Hardware-verified on ESP32-P4 at 360 MHz using PCNT (pulse counter) to count actual clock edges on the output pin. 40 tests, 40 PASS, sub-ppm accuracy:
I2S / TDM (standalone driver)
| Configuration | Channels | Clock Rate | Measured Fs | Error |
|---|---|---|---|---|
| Stereo x1 | 2 | 3.072 MHz | 48000.0 Hz | -1 ppm |
| Stereo x11 | 22 | 3.072 MHz | 48000.0 Hz | -1 ppm |
| TDM4 x11 | 44 | 6.144 MHz | 48000.0 Hz | -1 ppm |
| TDM8 x11 | 88 | 12.288 MHz | 48000.0 Hz | -1 ppm |
| TDM16 x11 | 176 | 24.576 MHz | 48000.0 Hz | -1 ppm |
| Stereo 96 kHz | 2 | 6.144 MHz | 96000.0 Hz | 0 ppm |
| TDM8 x4 96 kHz | 32 | 24.576 MHz | 96000.0 Hz | -1 ppm |
| Stereo 192 kHz | 2 | 12.288 MHz | 192000.0 Hz | -2 ppm |
| Stereo x11 192 kHz | 22 | 12.288 MHz | 192000.0 Hz | -1 ppm |
| Stereo 44.1 kHz | 2 | 2.822 MHz | 44100.0 Hz | -1 ppm |
| TDM8 x4 44.1 kHz | 32 | 11.290 MHz | 44100.0 Hz | -1 ppm |
| Stereo 8 kHz | 2 | 0.512 MHz | 8000.0 Hz | 0 ppm |
S/PDIF (unified driver)
| Configuration | Channels | Clock Rate | Measured Fs | Error |
|---|---|---|---|---|
| S/PDIF only | 2 | 6.144 MHz | 48000.0 Hz | +1 ppm |
| S/PDIF + Stereo | 4 | 6.144 MHz | 48000.0 Hz | 0 ppm |
| S/PDIF + ADAT | 10 | 12.288 MHz | 48000.0 Hz | 0 ppm |
| I2S + S/PDIF + ADAT | 14 | 12.288 MHz | 48000.0 Hz | -1 ppm |
ADAT (unified driver)
| Configuration | Channels | Clock Rate | Measured Fs | Error |
|---|---|---|---|---|
| ADAT only | 8 | 12.288 MHz | 48000.0 Hz | -1 ppm |
| ADAT + Stereo | 10 | 12.288 MHz | 48000.0 Hz | 0 ppm |
| ADAT + TDM4 x2 | 16 | 12.288 MHz | 48000.0 Hz | -1 ppm |
| ADAT + TDM8 x1 | 16 | 12.288 MHz | 48000.0 Hz | -1 ppm |
| ADAT + TDM8 x4 | 40 | 12.288 MHz | 48000.0 Hz | -1 ppm |
Full test suite: 40 configurations across 8 kHz to 192 kHz, stereo to TDM16, I2S + S/PDIF + ADAT standalone and combined, 1 to 11 data lines. All PASS within 2 ppm. All three protocols verified simultaneously.

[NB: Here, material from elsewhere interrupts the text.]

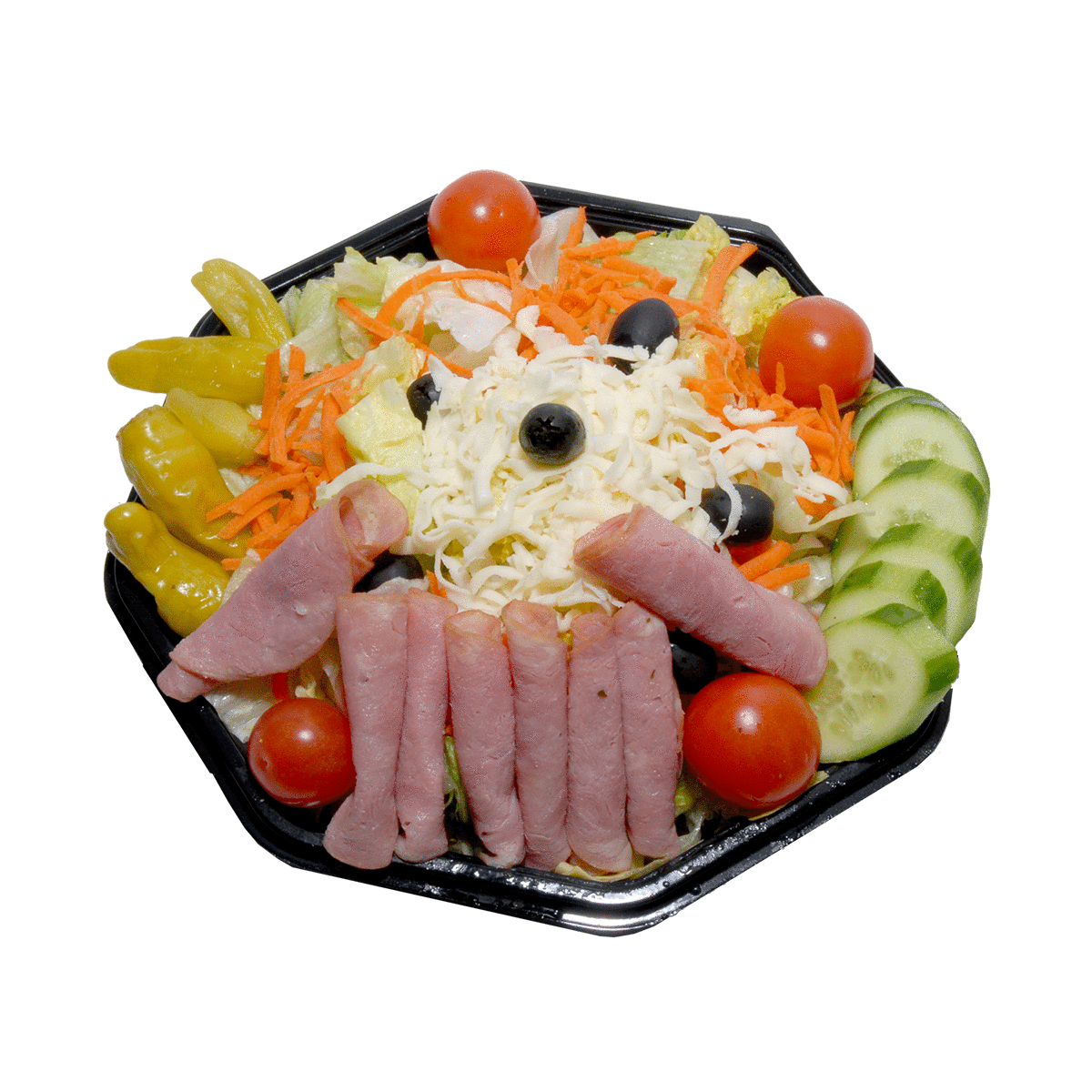 Lettuce, tomatoes, cheese, ham, artichoke hearts, olives, cucumber, pepperoncini, carrots.

- LUT encoder: per-line lookup table, 4 uint64_t writes per sample per line
- Loop DMA:
parlio_tx_unit_transmit(loop_transmission=true)+gdma_link_concat= zero-gap buffer chaining - Absolute frame-count timing:
total_submitted * 1000000 / sample_rateprevents truncation drift - Dedicated CPU1 task: encoder at highest priority, no system task competition
- PCNT verification: hardware pulse counter on BCLK pin confirms exact output frequency
Output latency = frames_per_buffer * 3 / sample_rate (3 rotating DMA buffers).
| frames_per_buffer | Latency @ 48 kHz |
|---|---|
| 128 | 8 ms |
| 64 | 4 ms |
| 32 | 2 ms |
All signals (BCLK, LRCK, data lines) are in the same PARLIO clock domain, phase-aligned to within a single MCLK period (< 100 ns).
All clocks needed by external DAC chips are available on GPIO pins:
mclk_gpio -----> MCLK (from APLL via I2S, always available)
Also serves as PARLIO ext clock input (same pin, GPIO matrix)
Standalone I2S driver:
clk_out_gpio --> BCLK (dedicated PARLIO clock output)
TXD[0] -------> LRCK (word select / frame sync)
Unified multi-protocol driver:
clk_out_gpio --> PARLIO clock (= BCLK in I2S-only mode,
= 256*Fs when ADAT active, usable as MCLK)
TXD[N] -------> BCLK (synthesized on data line in multi-protocol mode)
TXD[N+1] -----> LRCK
No additional hardware is needed to clock external DACs -- connect mclk_gpio to the DAC's MCLK input, bclk_gpio to BCK, and lrck_gpio to LRCK/WS.
When combining protocols, the PARLIO clock must be the highest protocol's rate:
- I2S only: PARLIO clock = BCLK =
slot_width * num_slots * Fs - S/PDIF present: PARLIO clock >= 128 * Fs
- ADAT present: PARLIO clock >= 256 * Fs
The mclk_multiple must be an integer multiple of parlio_clock / Fs. The driver validates this at init and returns ESP_ERR_INVALID_ARG with a descriptive message if:
mclk_multipleis too small for the configured protocolsmclk_multipledoesn't divide evenly by the BCLK-per-frame count- The resulting MCLK exceeds the APLL's maximum (~50 MHz)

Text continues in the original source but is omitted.